The Testing Situation
Test is a four letter word....
I lived in a bubble- happy, special education-driven private school bubble. We assessed our kids to determine where to go next in our instruction, not necessarily to hold ourselves accountable. We did standardized testing once a year, like all good, accredited schools must, but we knew our kids were poor test-takers. They were with us to learn to read, and so much of a standardized test relies on just that. So, we took the scores with a grain of salt (sometimes alongside a margarita) and let it be.
Public schools test, test, and then test some more. They’ve got tests that measure growth (all kids need to gain one year’s worth of growth- whether they’re performing 2 years below grade level or 1 year above); kids need to show progress towards core-based goals (increased words per minute, higher reading levels, etc); they even need tests to show the fidelity of all the other tests. All this data is used to demonstrate that schools are doing their jobs to the best of their abilities. Best I can tell, public schools are running some kind of norm-referenced test about 10% of the time.
Truth: Teachers are losing their minds. If they aren’t losing their minds, they probably do a lot of yoga and meditation.
Truth: Parents are overwhelmed by all this testing information. What in the world does it all mean anyways? In my opinion, it means somewhere close to nothing.
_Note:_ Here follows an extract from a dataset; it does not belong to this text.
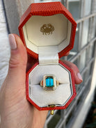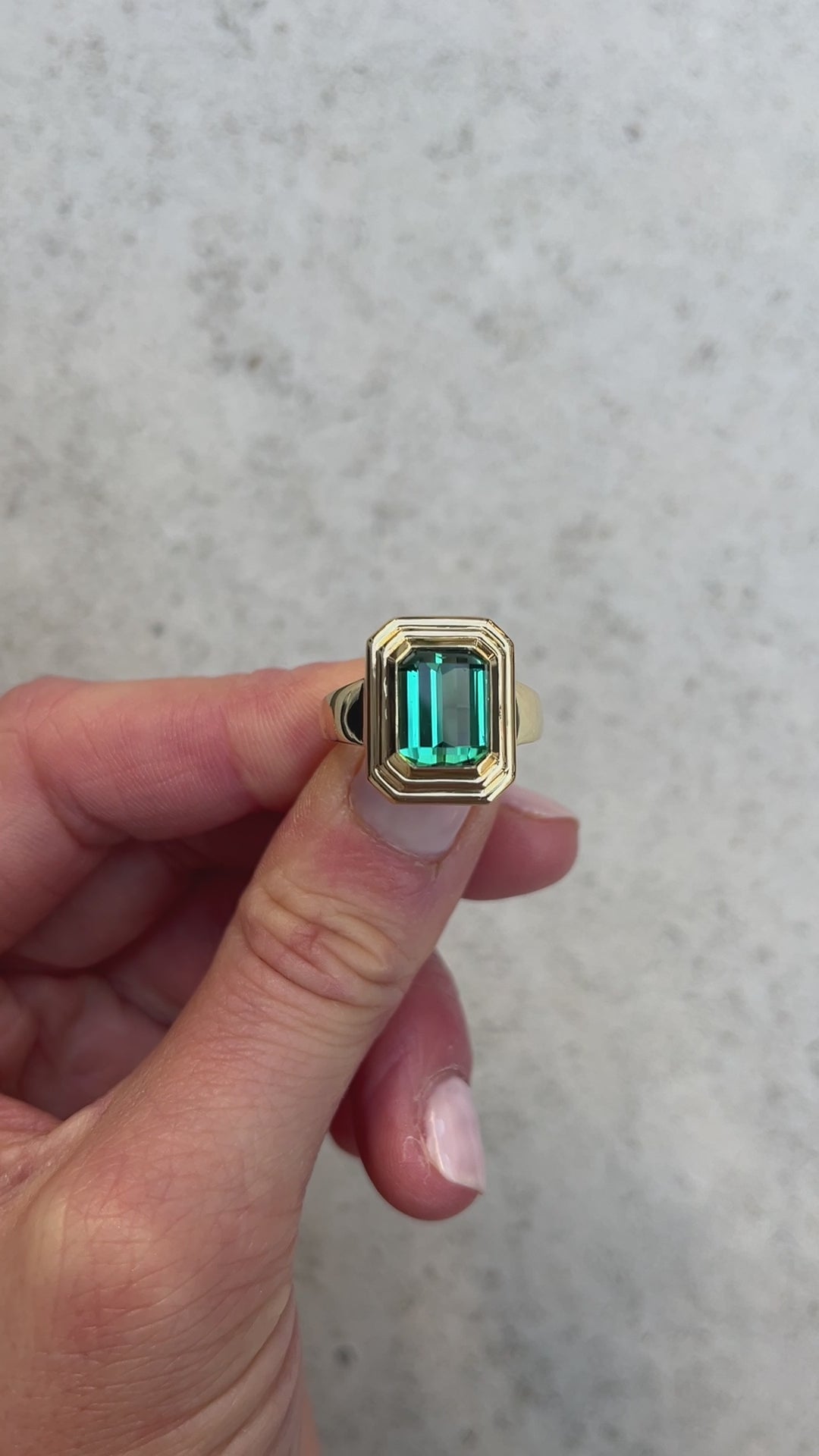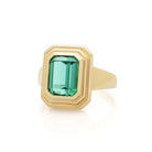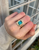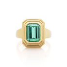An emerald-cut Teal Tourmaline Ripple Ring.

What do we really want from our schools? I think we all want our kids to possess those foundational skills (reading, writing, and basic arithmetic- sans the hickory stick). But, once those things are in place, I think, the more I talk to parents, what they really want are kids who are driven and excited to learn. They don’t care so much about the test. They care that their child is engaged in learning, exposed to lots of modalities for learning, and finds the way that he learn best. That’s what determines success in college. A great memory is an asset, but it shouldn’t be the only predictor for success.
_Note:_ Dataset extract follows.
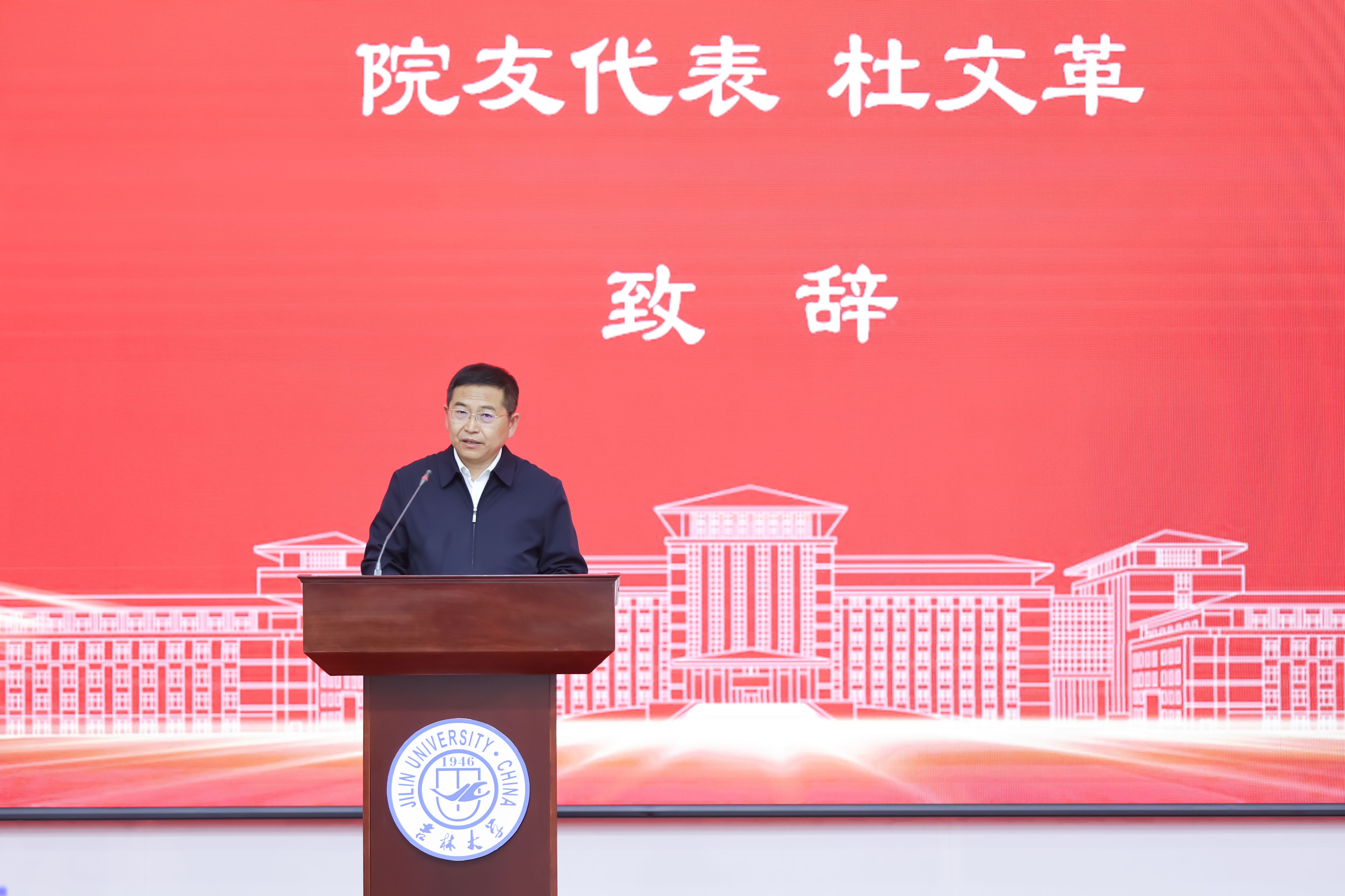 1986级本科生杜文革代表返校院友在开幕式发言。杜文革说到,院庆期间广大院友都沉浸在久别重逢的喜悦中,都在追忆珍藏在脑海中的校园往事,都在畅谈毕业以后的人生感悟。以王惠岩先生为代表的先贤的学识和威望让院友为之骄傲和自豪,以周光辉教授为代表的老师们的教诲让院友们培养了强烈的社会责任感,以辅导员为代表的其他教工与院友们结下了毕生珍重的深情厚谊。杜文革对公司及公司近年来的变化发展表示赞叹和欣喜,向公司未来各项事业发展进步表达祝福,并向广大院友发出倡议,用各自在工作岗位和社会生活中的优异成绩回报公司、汇报公司、回报恩师。

This is the ungettable get these days. How do we, amongst all this push to read x number of words per minute and pass a test that relies heavily on rote memorization, help motivate our kids, and keep our greatest teachers?
Truth: Great teachers, the ones who encourage creativity and get the best out of your child, are so stressed by this testing that they are leaving the profession.
Here are my two cents….
Train your teachers in multisensory teaching strategies.
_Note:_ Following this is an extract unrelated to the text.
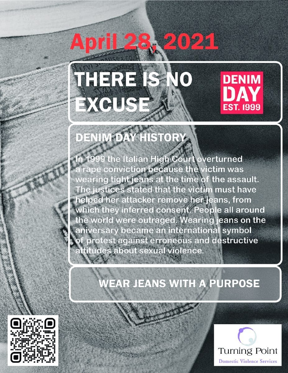 Turning Point will respond with additional information and opportunities to receive materials for this year’s Denim Day. The organization is asking participants on April 28 to share photos of you, your co-workers or your family wearing denim and post them to Turning Point’s Facebook or Instagram accounts.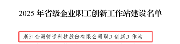 近日,浙江省总工会公布了 2025 年“浙江省企业职工创新工作站建设名单”,我会理事单位<浙江金洲管道科技股份有限公司>职工创新工作站凭借在管道生产工艺优化及管道材料创新的突出表现,成功入选(全省仅30家)。金洲管道职工创新工作站始终秉持“问题导向、攻关赋能”的建设理念,在焊接自动化、防腐涂层工艺等关键领域取得多项突破性成果,有效驱动企业提质增效。此次入选是对企业长期深耕技术创新与技能人才培养的高度肯定。企业将以此为新起点,持续放大工作站示范引领效应,全面激发职工创新活力,为高质量发展注入持久动力。

Encourage your children to engage all their senses when learning – this implies that they are encouraged to move and explore.
Encourage creativity.
Worry less about test scores and rote memorization.
Focus more on motivating your child to love learning.
Help your child find his passion.
Cultivate that passion.
Trust your teachers to teach and encourage their creativity. When your teacher hands you test scores, take a peek, place them in your purse (consider using them for fire kindling), and begin a conversation about how Johnny is engaging in the classroom. Is he social? What’s his favorite academic subject? How do you, as his parent, help cultivate his enthusiasm for math or science or reading.
We don’t need assembly line workers anymore. We need innovators, researchers, teachers, and designers. We need more big-picture thinkers and problem solvers.
Encourage your children to play, run, roll around, to cook with you, read with you, to explore nature with you. These are the things that make great humans- not a score on a test. Everybody breathe into that.